悔しい結果となった大黒柱のラストイヤー
川崎ブレイブサンダースを、そして日本代表を支えたニック・ファジーカスの引退宣言から始まった2023-24シーズン。勝率は50%を超えたものの、惜しくも2ゲーム差でチャンピオンシップ(CS)出場を逃した。
スタッツから見える要因はディフェンス効率の低下だと思われる。ディフェンシブレーティング(100回攻撃された場合の平均失点)はリーグ13位(109.12)、被3ポイント試投割合はリーグワースト5位(41.17%)という数字。それ自体はチーム戦略なので問題ではないが、被決定率がワースト9位(34.5%)、アウェイゲームに限定するとワースト2位(36.24%)と厳しい戦いを強いられていた。
若干の低下は見られたものの、ホームゲームにおいてはリーグトップ8のディフェンス効率を記録していた点については素晴らしい結果だったと思う。今シーズン、3ポイントシュートを防ぐ方向に舵を切るのか注目だ。
スモールラインナップを選択したロネン・ギンズブルグHCのねらい
ファジーカスの引退、藤井祐眞の群馬移籍と2大エースの退団に直面した今シーズンの川崎は、キャプテンの篠山竜青の言葉にあるように「変革、再建のために舵を切っている」状態である。
まずは直近2年でラトビア・エストニアリーグを連覇しているロネン・ギンズブルグヘッドコーチを招聘した。ゴール下を主戦場とする選手としては、ウィングスパンが長く機動力のあるサッシャ・キリヤ・ジョーンズを獲得。登録はパワーフォワードであるもののプレースタイルは明確にスモールフォワードであるアリゼ・ジョンソン、ハンドラー兼シューターのマシュー・ライトも新加入し、機動力重視の戦略へ明確にシフトしている。
コートを広く使ったオフェンスと、人数とチーム戦略でインサイドを守るギンズブルグ新ヘッドコーチのバスケットに適したロスター作りができていると言えるだろう。
スタッツ
予想スタメン
3ポイントシュートを打てる4人を、プレーメーカーであるベテランポイントガードが率いる形を予想した。
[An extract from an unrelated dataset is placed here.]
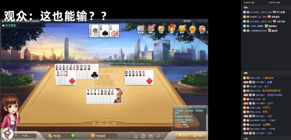 没想到佳哥居然跟两个对手,玩起了炸弹竞速,愣是把一手好牌给打输了!大量观众看他先输了一局lol,然后连斗地主都玩不明白之后,纷纷在弹幕上吐槽起了他的游戏技术,当有人问他:你为什么不四带两对时,他才一脸疑惑的表示:斗地主还能四带两对?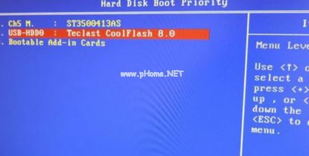 4、選擇USB-HDD按加減號或F5/F6或PageUP/PageDown,移動到第一位置,按F10回車重啟即可U盤啟動。

ジョンソンの個人で得点する能力が高いため、フィット次第ではあるがアレンとジョンソンの入れ替えがあるかもしれない。所属選手一覧
『獲得FP(ファンタジーポイント)チーム1位選手』
※FP(ファンタジーポイント)は、選手の活躍度合を計る指標となるポイント。各選手が実際の試合で記録した成績に応じて算出される。ロスコ・アレン(平均26.5分出場、15.0得点、4.8リバウンド、2.4アシスト) 昨シーズンは帰化選手のファジーカスとオンコートした都合上、スモールフォワードのポジションでの出場が多く見られたが、今シーズンはラインナップ上パワーフォワード、いわゆる『ストレッチ4』としての活躍が見込まれる。本数こそ少なかったものの高確率な両コーナーからの3ポイントシュートを放つ機会も多く見られるだろう。左ウイングからの3ポイントシュートも高確率であるため、左コーナーにポジショニングしたときは要注目だ。
【新加入選手】
アリゼ・ジョンソン(平均20.4分出場、14.3得点、6.6リバウンド、2.9アシスト) プエルトリコリーグで11試合、韓国リーグで64試試合プレーし、安定した得点力を記録。得点期待値(その選手で攻撃が終わった場合に獲得できる平均得点)が1を超える貴重な選手だ。ゴールまで1対1のスペースを作り出せれば、鋭いドライブと強い体幹を利用してファウルを受けながらスコアすることができる点取り屋。プエルトリコリーグでの11試合においては平均4.7本の3ポイントシュートを試投し、決定率34.6%。シューターとしてのポテンシャルも高い。